The laptop whirred to life and, with little difficulty, she found an open wireless connection that she could use. Seated at her little writing alcove in the dormer, its pane window overlooking the wall surrounding campus, Kristi began scouring the Internet for information on Tara Atwater, the girl who had lived in this very unit when she’d disappeared. Kristi had become adept at finding information on the net, but this time, she came up with very little, just a few articles that mentioned Tara Atwater. There wasn’t much on the other missing girls either, she decided, as she scanned articles on the Web version of the local paper. But this felt like a story. Maybe the one she’d been looking for. Maybe she’d ended up with this apartment because this was the true-crime book she was supposed to research and write.

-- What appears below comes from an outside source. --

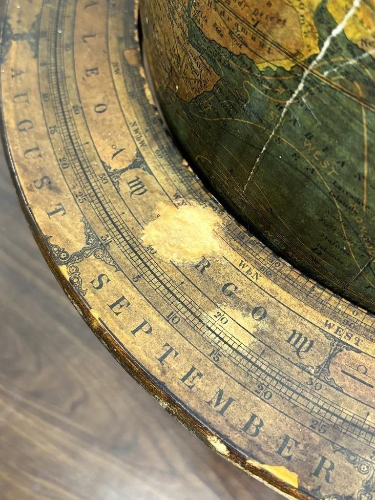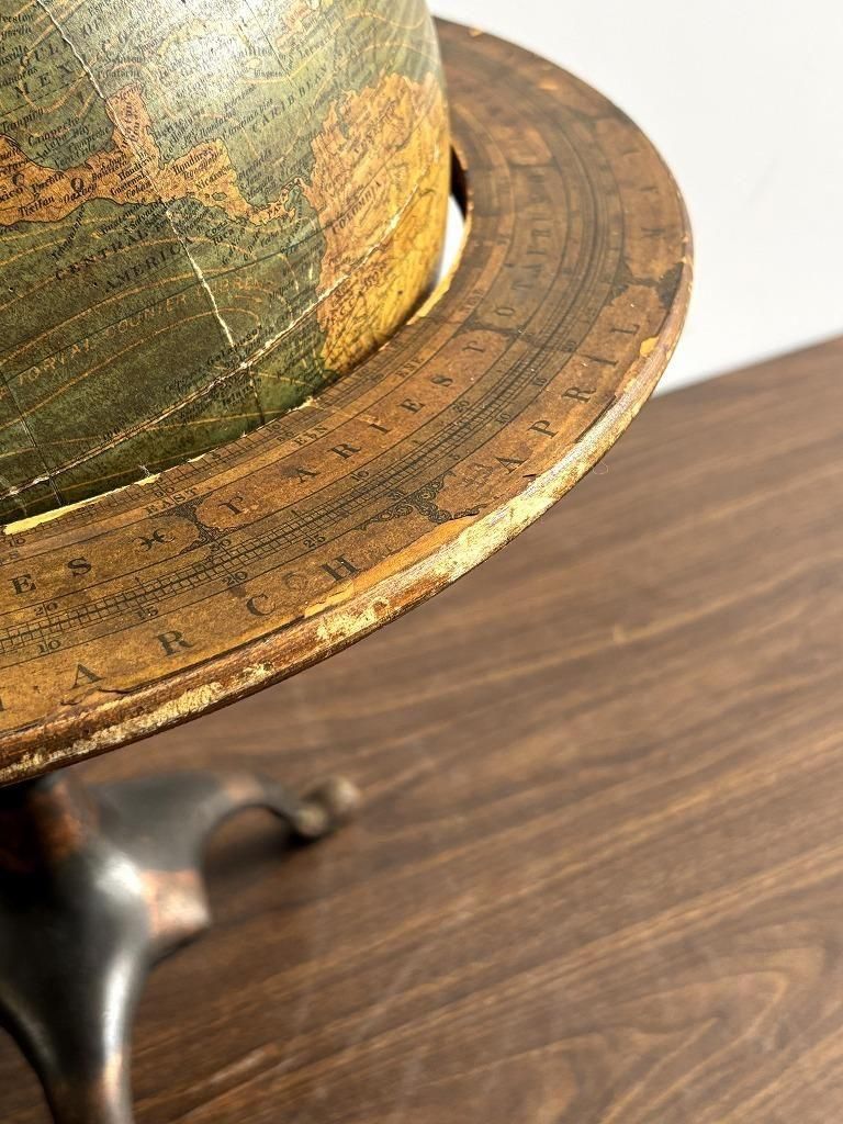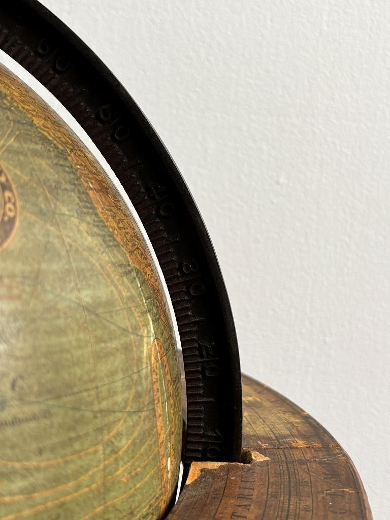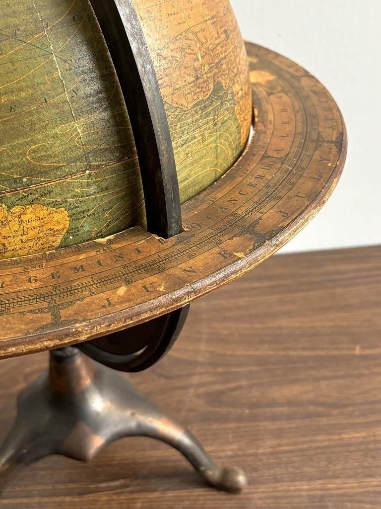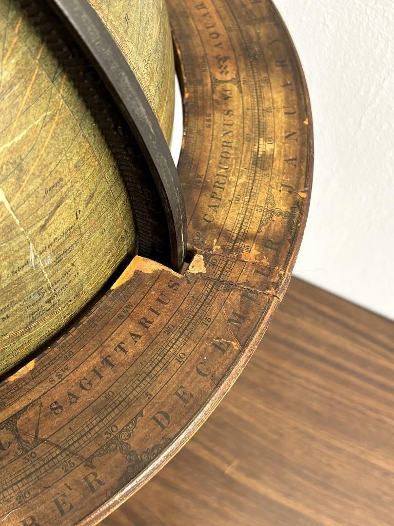 紙貼りの球体にリング状ウッドフレームを組み合わせ、鋳鉄ベースにはジャパンカラーを使用。この塗装は1890-1910年代にかけてアメリカで流行した意匠で、和漆のような深い黒と金の風合いを模したものになります。当時の高級教育器具や科学機器にもよく使われ、現存品が非常に少ない仕上げです。

Something had taken the coeds away.
Girls didn’t go missing for no reason. Not four from the same small college within an eighteen-month period. Not four enrolled in the same classes.
Kristi bookmarked a page as she heard steps on the staircase. A second later the doorbell rang, and she rolled her secretary’s chair away from the desk, crossed the small room to peer through the peephole. Through the fish-eye she saw a scruffy man in his early twenties or late teens standing under the single dim light mounted on the landing of the staircase meant to be her porch. Damp and dripping, his dishwater blond hair was plastered to his head. He was carrying a toolbox in one hand and wearing an I’m-pissed-as-hell expression that was meant to suggest authority.
No doubt the missing Hiram.
“Who is it?” she called just to be certain.
“The manager. Hiram Calloway. I need to check your locks.”
Oh, now he needed to check the locks? Way to be on it, Hiram.
He looked as pathetic as she’d expected with his thin beard, ancient bad-ass T-shirt from a Metallica concert, grungy camouflage pants, and sullen ask-me-if-I-give-a-shit attitude.
She opened the door a crack, leaving the chain in place. “I already took care of the locks.”
“You can’t just go doing all kinds of stuff to the place, y’know. You don’t own it. I’m supposed to fix things around here.”
“Well, I couldn’t find you, so I handled it myself,” Kristi stated with finality.
He frowned. His lips, half hidden in what he clearly was hoping would be a beard someday, curved petulantly over slightly crooked teeth. “Then I’ll have to have the key. I mean a copy. My grandma…Mrs. Calloway owns this place. She has to have access. It’s in the lease.”
“I’ll see that she gets one.”
“That’ll just take more time. She’ll give me a copy anyway. I have to have a key to every apartment in this building. I might have to get into the unit, you know, if something goes wrong or you lose your key or—”
“I’m not going to lose my key.”
“It’s for your protection.”
“If you say so.” She wasn’t counting on it.
“Jeez, why are you being such a—” He bit off the epithet at the last moment.
Kristi’s temper flared. “I called you and it took you three days to respond. All the locks in the unit were broken or loose and I heard that one of the girls who went missing from the campus lived here, so really, I thought I’d better take the situation into my own hands.”
His mouth dropped. “Anyone ever tell you to lose the attitude?”
“Like they’ve told you?” she snapped back.